3. Similarly there is an urgent need for global collaboration to carry out healthcare reforms to improve the absorption and nutrition capacity of people in the developing countries
4. There cannot be two opinions about the need and urgency for putting in place efficient and reliable forecasting and early warning systems for food grains production and stock position. Timely information about the global trends in stocks and production and early warning in case of looming food shortages must be available
5. United Nations should devise a Code of conduct for food-exporting countries not to impose restrictions on the exports of food in times of crises which aggravate the situation more than the actual crises
6. Early agreement on global warming, environmental sustainability, and climate change which is a looming threat to global food security
7. Regional buffer stocks at neutral places under the supervision of WFP be established for timely response to emergent threats of food shortages
8. There is an urgent need for devising fair rules of the game in international trade which could ensure equitable share for every trading nation in the increase in global trade and development
9. There must be a universal policy framework for corporate farming to restrain the rich nations to grab lands in developing countries to ensure their food security at the cost of malnutrition in the developing nations.
10. Fuel security cannot be achieved at the cost of food security, particularly in countries already facing food crises.
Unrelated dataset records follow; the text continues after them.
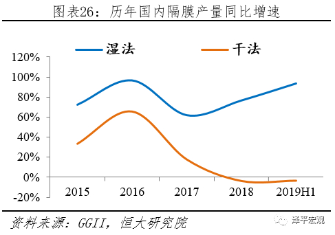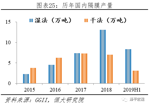 湿法隔膜是当前主流,占比逐年提升。据GGII披露,2019上半年我国隔膜总产量11.5万吨,其中湿法、干法分别生产8.39、3.11万吨,同比增速93.54%、-3.74%。从趋势上看,湿法隔膜市场占比逐年提升,从2015年38.05%增加到2019上半年72.96%。在动力电池领域,湿法隔膜在性能和安全性上有着超越干法的显著优势,更能够适应当前动力电池高能量密度化发展趋势。
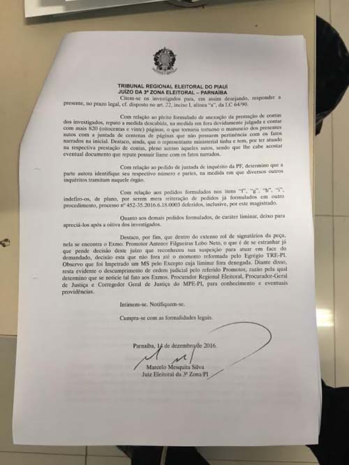 Veja despacho do Juiz:
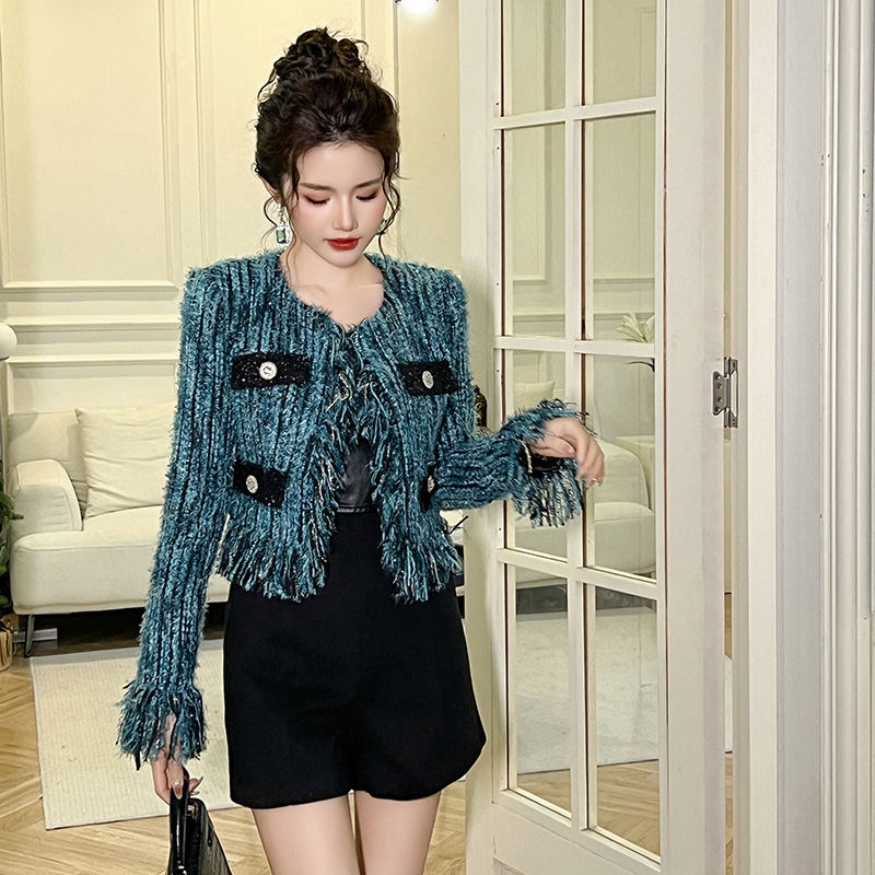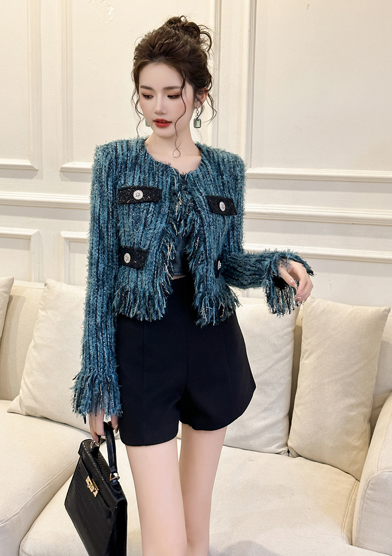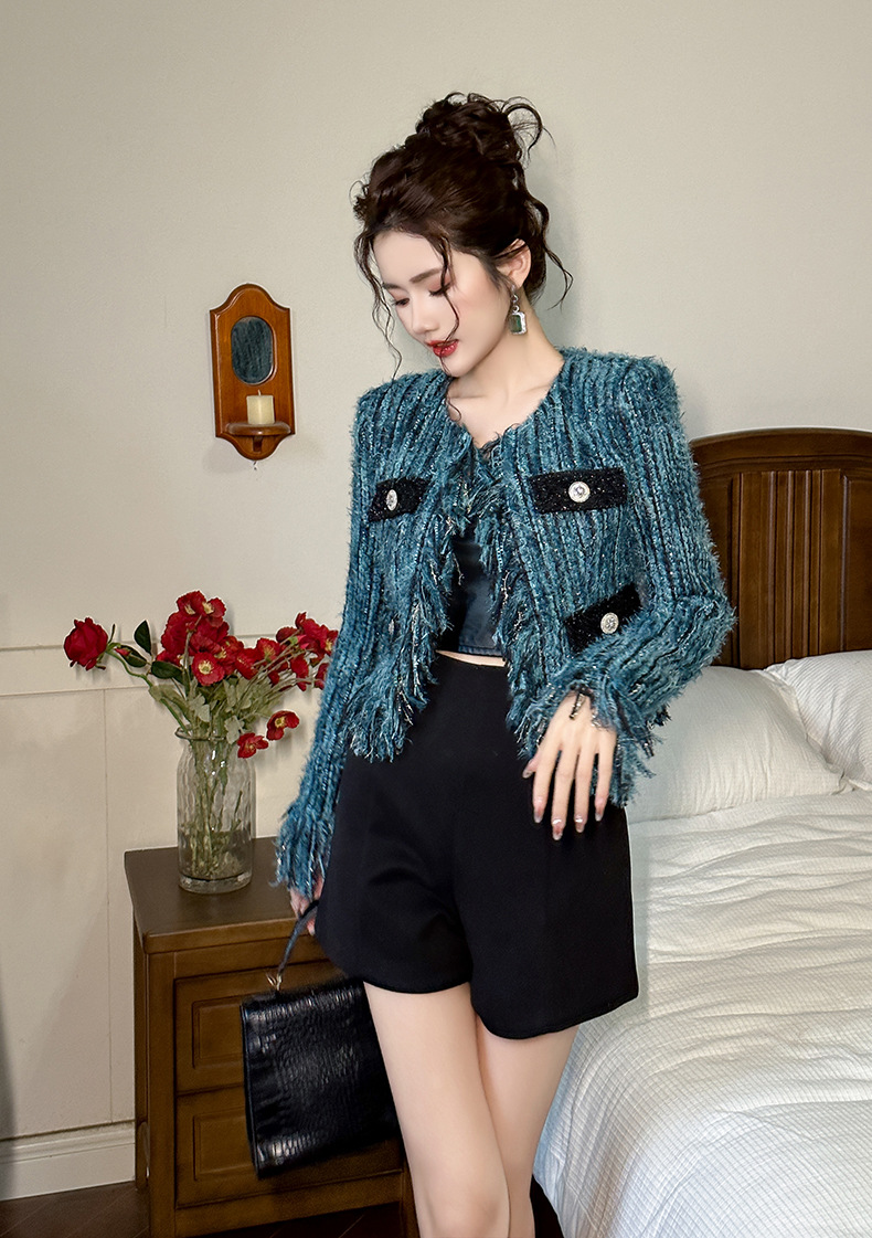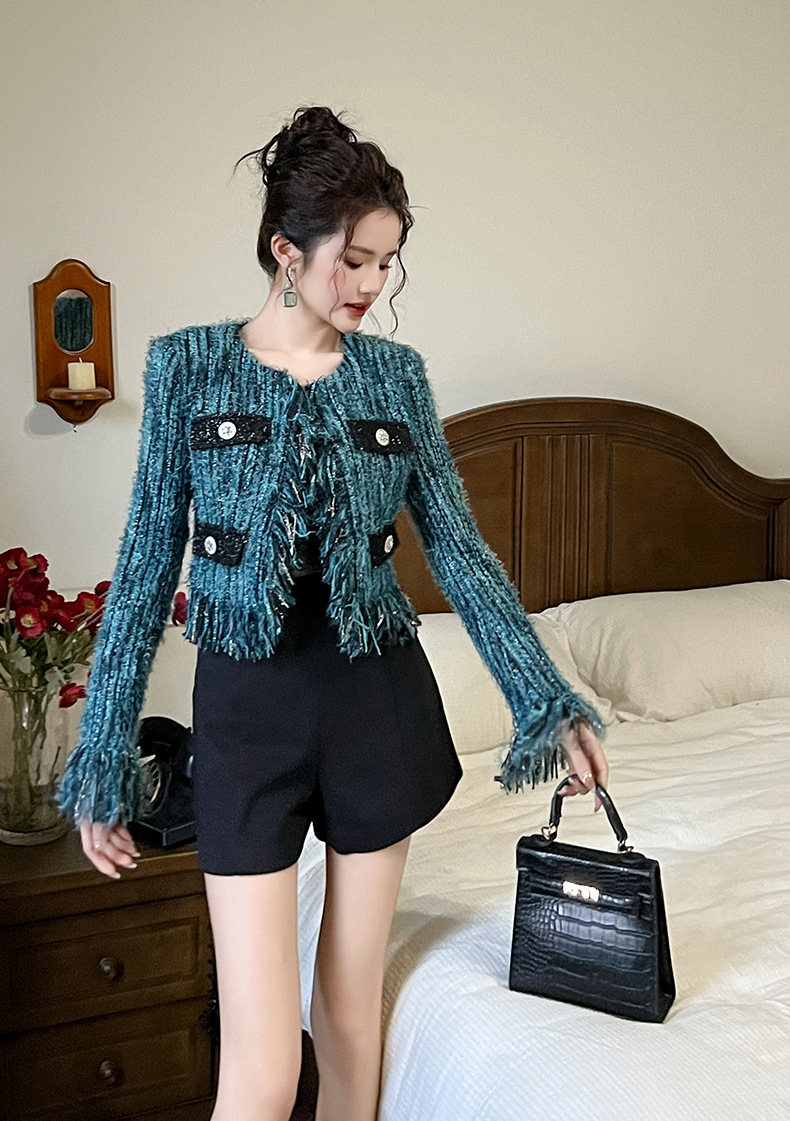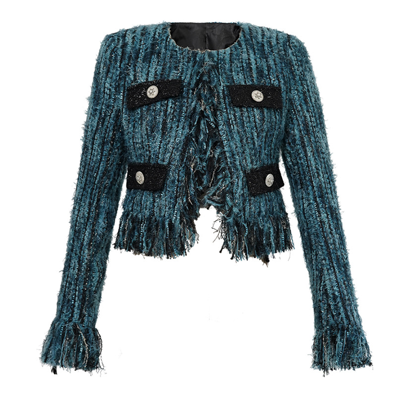 Áo khoác nữ ngắn kiểu dáng ôm dành cho mùa thu đông. Thiết kế tôn dáng với phần l áo điểm xuyến những chi tiết tua rua tinh tế, giúp tạo điểm nhấn nổi bật. Kiểu áo này dễ dàng phối cùng nhiều trang phục như quần dài, chân váy. Bạn có thể mặc bên trong áo thun hoặc áo len để giữ ấm và tạo sự cân đối cho tổng thể. | Tên sản phẩm: Áo Khoác Nữ Dáng Ôm Hàng Mùa Xuân Thu Đông - Thời Trang Nữ | Mã sản phẩm: B1365 - Giá: 1.360.000đ | Mã nhà sản xuất: CHDG-G04Hình ảnh sản phẩm

They must ban the use of arable land for the cultivation of crops for biofuels on lands already under cultivation for the production of food crops.
Conclusion
No doubt, developing countries have made significant progress in reducing poverty/hunger as suggested in the Millennium Development Goals resulting in more than a 17 per cent decline in the incidence of undernourishment in developing countries as a whole from 1990–92. However, still, the one-eighth population of the world is food insecure in these countries.
There is thus a very crucial lesson for policymakers worldwide-exclusive reliance on growth for raising incomes and reducing hunger is not enough: only sustainable & broad-based growth accompanied by a targeted attack on the worst forms of poverty and hunger can ensure food security.
Growth policies must therefore aim at enhancing agricultural productivity by allocating sufficient resources for agricultural R&D, improving the terms of trade for the agricultural sector, and devising appropriate social safety nets for the urban poor and rural landless farmers.